Data and Model Integration Challenges for Integrated Production Forecasting-Experience from Super-Giant Onshore Fields
Authors
Nagaraju Reddicharla (ADNOC Onshore) | Rachelle Christine Cornwall (ADNOC Onshore) | Erismar Rubio (ADNOC Onshore) | Sandeep Soni (Weatherford) | Jose Isambertt (Weatherford)
Publisher
SPE - Society of Petroleum Engineers
Publication Date
March 18, 2019
Source
SPE Middle East Oil and Gas Show and Conference, 18-21 March, Manama, Bahrain
Paper ID
SPE-194735-MS
Abstract
To optimize production of a supergiant field, operators require an integrated approach to production forecasting that incorporate subsurface models of multiple reservoirs, well performance, surface equipment and facility constraints. This helps asset managers plan and optimize production on a well-by-well basis to achieve maximum system deliverability. This paper addresses challenges of integrating huge amounts of data, model framework and automated workflows to identify opportunities in debottlenecking, production target sustainability and deliverability.
The integrated production system model involves a simplistic bottom-up approach, in which advanced integration of subsurface and surface elements was facilitated through automated workflows within a digital oilfield system. These automated workflows enable converting multiple reservoir simulation output files to a standard format and mapping of common well names in simulation outputs and in well and facility models. An event-controlled scheduling process in a single working environment enabled analysis of production targets in realistic facility situations for future time steps. The decline in reservoir pressure is modeled, with new well performance in facility model based on changing reservoir conditions.

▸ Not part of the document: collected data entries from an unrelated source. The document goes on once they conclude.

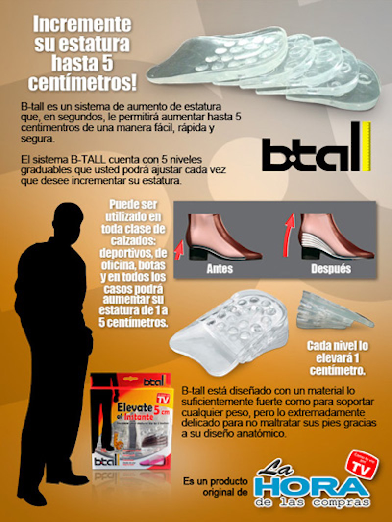 B-tall es un sistema de aumento de estatura que, en segundos, le permitirá aumentar hasta 5 centímetros de una manera fácil, rápida y segura
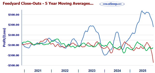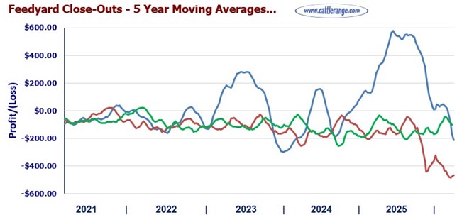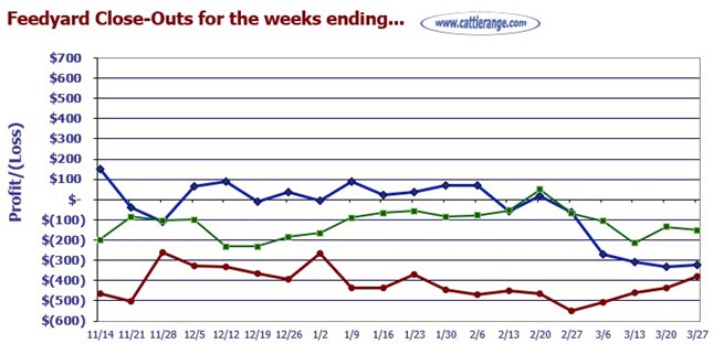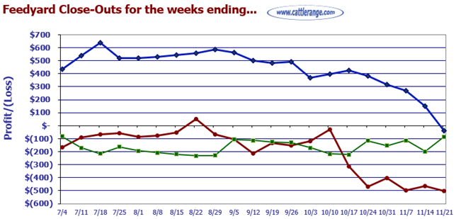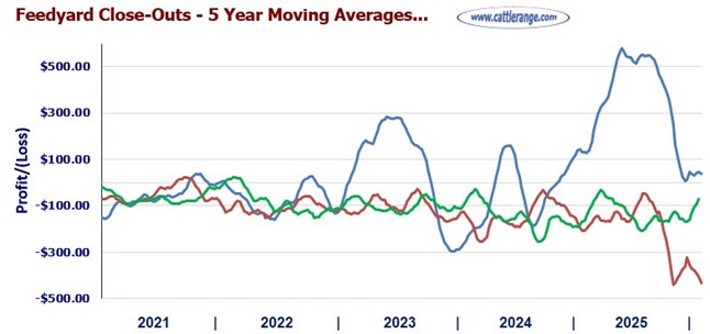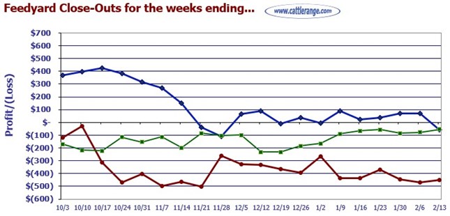 Closeout projections are for cattle placed on feed by a cattle owner at a commercial feedyard and not for cattle owned by a vertically integrated company such as a beef processing company or a feedyard feeding cattle at cost. Cattle cost, cost of gain, and selling price will vary on a regional basis. Cost includes $15 per head for freight to feedyard.
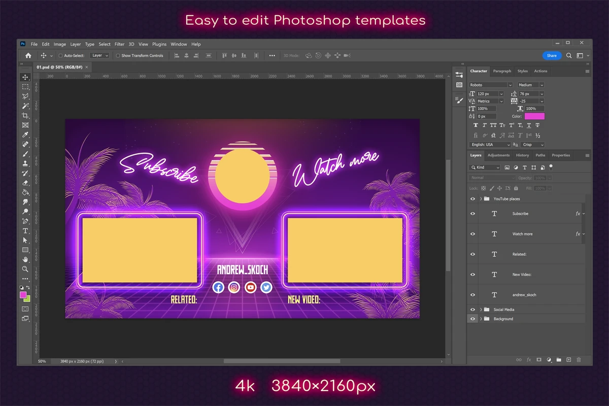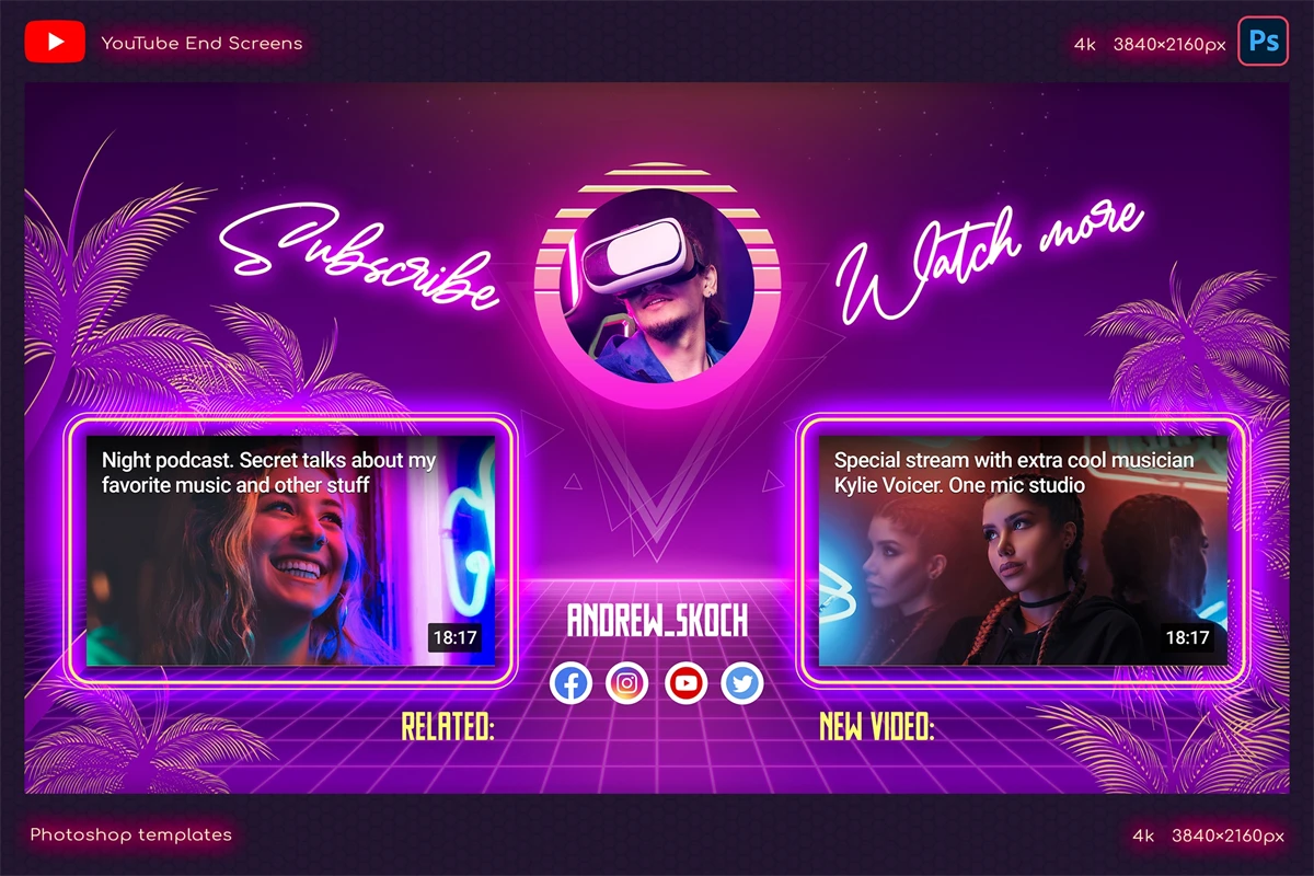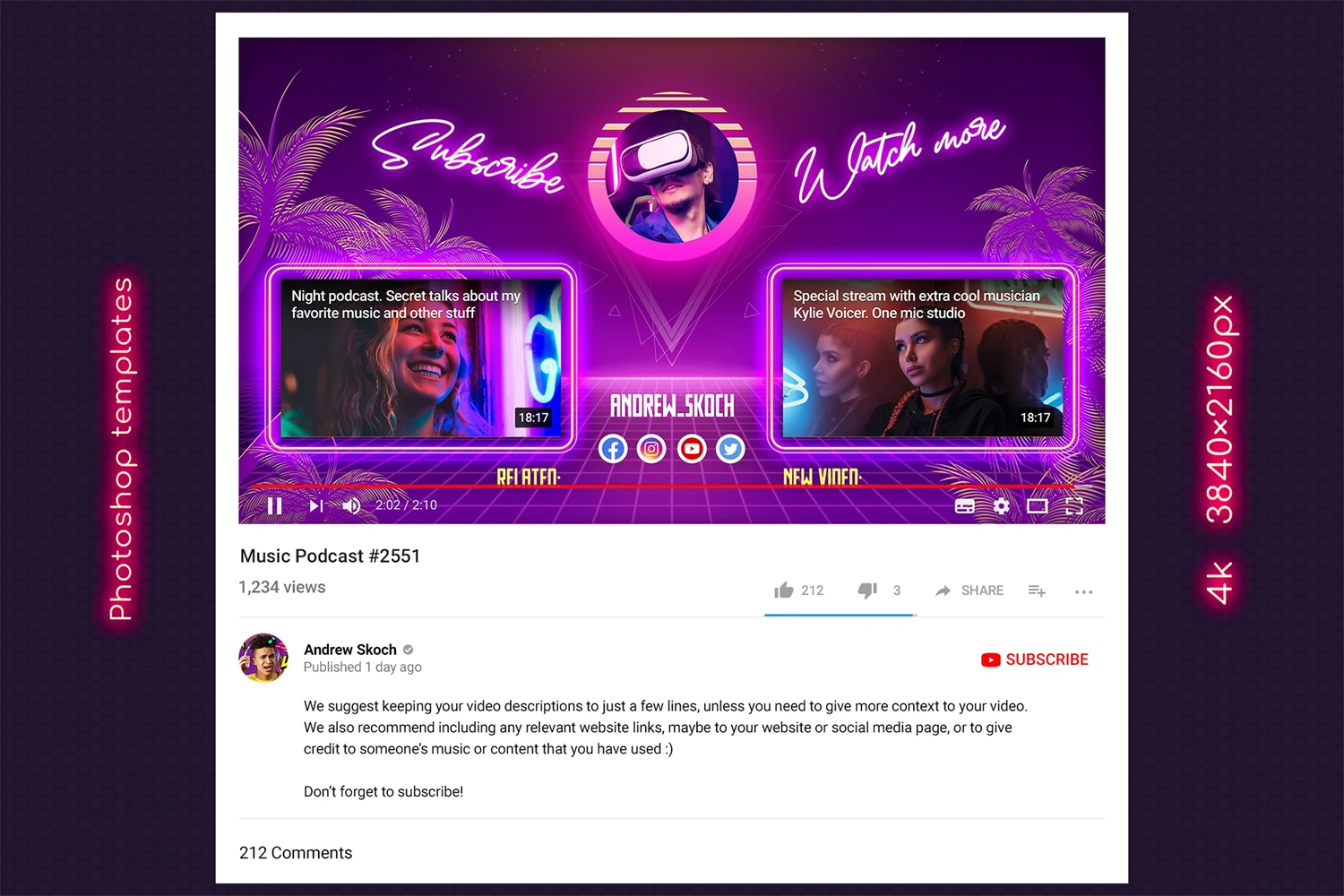 Great for video bloggers, video makers, video creators, YouTube creators, podcasters, talk shows, YouTube podcasts. Special places for new video, related video, playlist and YouTube profile avatar. Nostalgic design in 80s style, with palms and sunset, violet and purple colors.

This automated environment has been adapted to evaluate two giant onshore fields encompassing multiple reservoirs, thousands of wells and numerous distributed-process facilities. The forecasting process confirms deliverability of planned and sustainable production and identifies opportunities for additional field potential, thus facilitating CAPEX optimization for future well costs. The integrated asset forecast was successfully carried out over a five- year timeframe at monthly intervals. One of the most important results obtained from such a forecast simulation was obtaining the maximum feasible rates that can be expected from the asset for each month during the next five years. This collaborative solution has successfully demonstrated the value of data and software integration, and addressed the challenges in integrated production forecasting. The results prove that this is a powerful tool for short- and medium- term forecasting, enabling asset managers to plan field operations, drilling, workovers, and facility improvement projects
This paper describes an integrated production forecasting setup. The case study explains process steps, challenges, simplification and results. The modeling and integration process enables the asset operator to plan remedial subsurface and surface projects to sustain planned rates over time. The forecasting process helps in quick business decision making, thus minimizing uncertainties in deliverability of future production mandates and highlights production-enhancement opportunities.